Exercise description: Going through the data below, find how many lines include the word "Longwy", and reply with that number alone.

Recorded information:
-*-*-

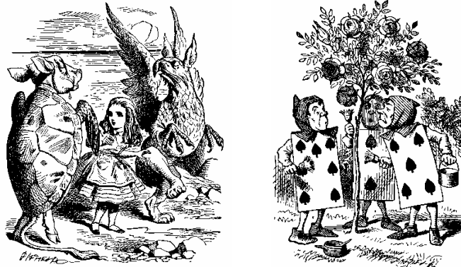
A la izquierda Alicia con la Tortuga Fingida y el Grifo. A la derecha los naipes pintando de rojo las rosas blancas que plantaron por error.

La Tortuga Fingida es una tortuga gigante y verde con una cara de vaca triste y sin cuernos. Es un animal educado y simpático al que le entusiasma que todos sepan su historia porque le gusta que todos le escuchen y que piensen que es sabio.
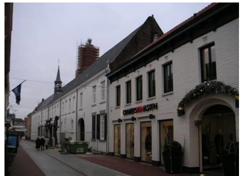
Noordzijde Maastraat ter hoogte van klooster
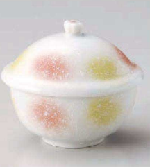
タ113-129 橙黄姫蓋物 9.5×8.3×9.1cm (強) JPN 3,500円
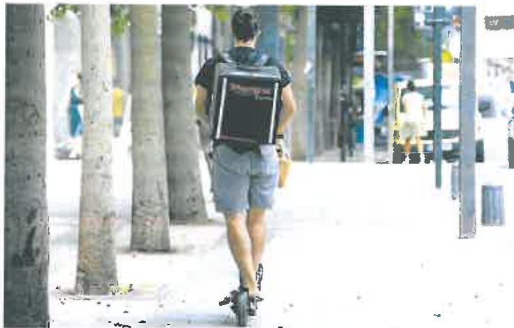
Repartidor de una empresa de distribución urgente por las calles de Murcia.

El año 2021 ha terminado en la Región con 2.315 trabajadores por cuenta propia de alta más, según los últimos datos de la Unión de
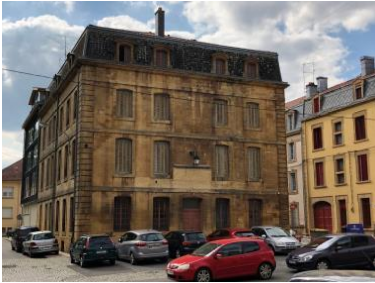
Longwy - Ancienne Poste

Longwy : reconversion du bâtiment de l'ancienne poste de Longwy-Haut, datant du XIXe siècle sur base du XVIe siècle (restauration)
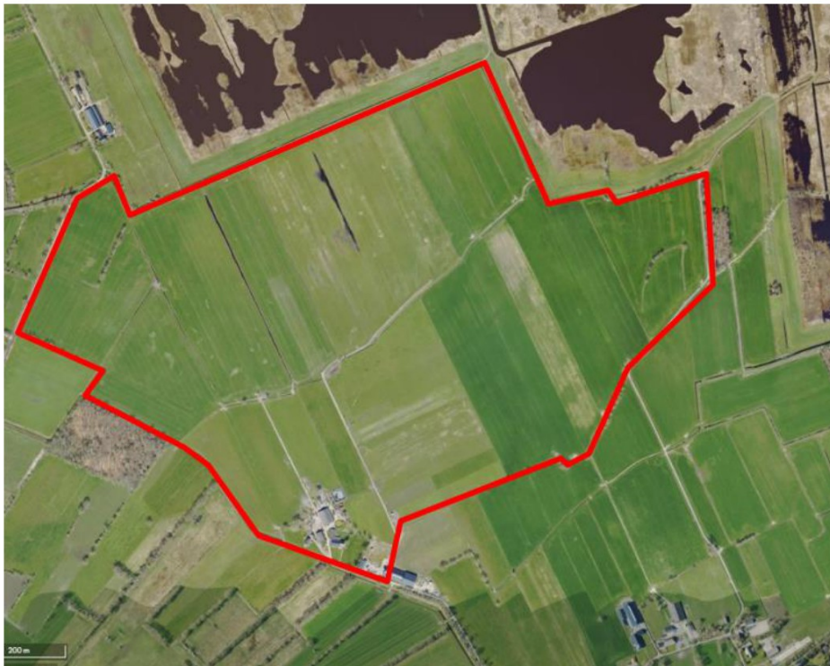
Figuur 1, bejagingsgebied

-*-*-

Response area: 2